E-distribuzione è stata alle prese a lungo con un guasto introvabile di un cavo oggetto di lavori recenti. Le telefonate da mobile disturbate da salti di voce continui senza che nessun operatore intervenga
Un Natale da incubo, al buio e anche al freddo per la mancanza di energia elettrica. Tutto a causa di lavori che avrebbero dovuto migliorare le linee elettriche a Magliano ma che invece hanno mandato di traverso il torrone a decine di famiglie che abitano nella zona limitrofa a via della Circonvallazione. Il problema è stato risolto solo a metà gennaio, dopo che Palazzo Vannicelli – battendo i pugni con E-Distribuzione, proprietario della rete elettrica – è riuscito a imporre alla società verifiche approfondite per trovare la causa del disservizio e risolverlo.
Non abbiamo segnalazioni puntuali sul territorio ci sono diversi gestori di telefonia mobile presenti e non possiamo sapere, se non con indicazioni più precise, cosa chiedere e a quali gestori.
Giulio Falcetta
Tutto è stato legato agli interventi per l’interramento dei cavi della media tensione che sono stati portati avanti a Magliano nella tarda primavera e in estate. Ma che qualcosa era andato storto lo si è capito solo a inizio dicembre, quando in Comune sono piovute una serie di segnalazioni da parte di cittadini che abitano alla Circonvallazione, in via Tito Tazio, nella zona della Luccetta e subito sotto nella parte di via San Lorenzo verso via dei Mulini. Tutti rimasti senza energia elettrica all’improvviso.

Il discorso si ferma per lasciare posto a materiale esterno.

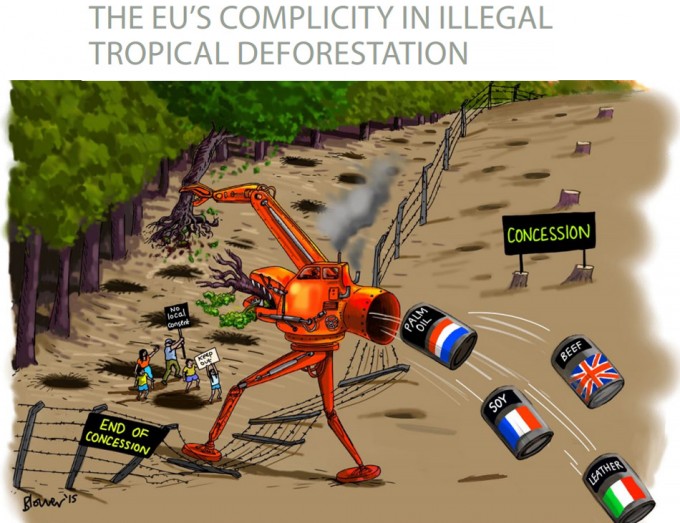 Italia es uno de los mayores consumidores de la UE de mercancías procedentes de lugares donde se ha deforestado ilegalmente, es responsable de la mayor parte del consumo de cuero de animales que se han criado en zonas deforestadas. Francia acapara la mayoría de la soja cultivada en tierras deforestadas ilegalmente, soja con la que se alimenta al ganado. Reino Unido es el mayor importador de carne y Países Bajos y Alemania son los mayores consumidores de aceite de palma que se ha producido en zonas deforestadas ilegalmente.

La soluzione arrivata con un macchinario evoluto
Interruzioni che, nonostante un primo intervento del proprietario della rete, sono continuate per tutte le festività. Infatti in breve ci si è resi conto che c’era un problema strutturale. Il problema è stato che per giorni gli stessi tecnici di E-Distribuzione non sono riusciti a dare una spiegazione ai disagi. C’era un guasto chiaro, ma non riuscivano a capire dove era il problema. A quel punto, nei primi giorni di gennaio, l’amministrazione comunale, visti i continui disservizi lamentati, ha richiesto l’intervento della direzione aziendale. Dunque a Magliano è stato installato un dispositivo di ultima generazione. Un macchinario ipertecnologico in grado di scovare i guasti. Il cavo malfunzionante, che causava le interruzioni, è stato finalmente individuato e isolato. La rottura è stata trovata in corrispondenza degli scavi per la nuova linea di media tensione interrata (lavori effettuati lo scorso luglio) e riparata.

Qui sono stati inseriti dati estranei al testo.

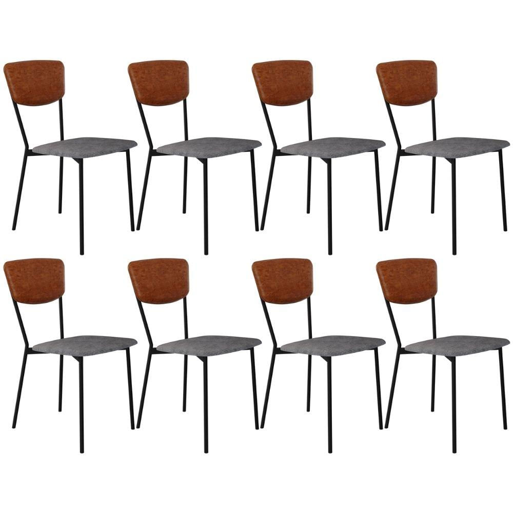 Kit 08 Cadeira Para Sala de Jantar Village Preto C01 Linho Prata Courino Caramelo - Lyam Decor

Una copertura a macchia di leopardo
Se i problemi alla rete elettrica per ora sembrano un ricordo, sono sempre di più i cittadini che lamentano problemi al segnale delle linee telefoniche e dati mobili. Insomma sono ancora troppe le zone dove il segnale, specie quello per collegarsi alla rete, non è all’altezza. Tuttavia la situazione in tutta Magliano è a macchia di leopardo. Come dire, basta spostarsi anche di qualche metro per trovare quel segnale che a quattro passi è nullo. Per adesso tuttavia non sembra esserci un problema tale da spingere il Comune a fare dei passi ufficiali verso gli operatori: “Non abbiamo segnalazioni puntuali – dice il sindaco Giulio Falcetta – sul territorio ci sono diversi gestori presenti e non possiamo sapere, se non con indicazioni più precise, cosa chiedere e a quali gestori”.

Resta il fatto che una telefonata mobile a Magliano comporta una conversazione a tratti, con la voce che salta, e che talora provoca seri malintesi. Una condizione da periferia del mondo moderno e alla quale appare evidente non si mette rimedio e che è in grado di incidere anche su un’economia che vorrebbe puntare su turismo e servizi. A conti fatti le torri di telefonia mobile a Magliano sono solo due. C’è quella del cimitero – che ospita tutti gli operatori – e quella in zona svincolo dell’Autosole. Tutti offrono al massimo il 4G+, con un numero variabile di bande da due (Tim) a tre (WindTre, Vodafone e Iliad) stando al sito lteitaly.it. Il 5G è un privilegio di WindTre e Iliad, ma con vari buchi di copertura: intorno all’abitato risultano ad esempio scoperte – dalla mappa offerta Wind – la vallata di Sant’Eugenia e il versante da Magliano verso il Giglio. Per Iliad ci sono ampi settori delle campagne privi di 5G.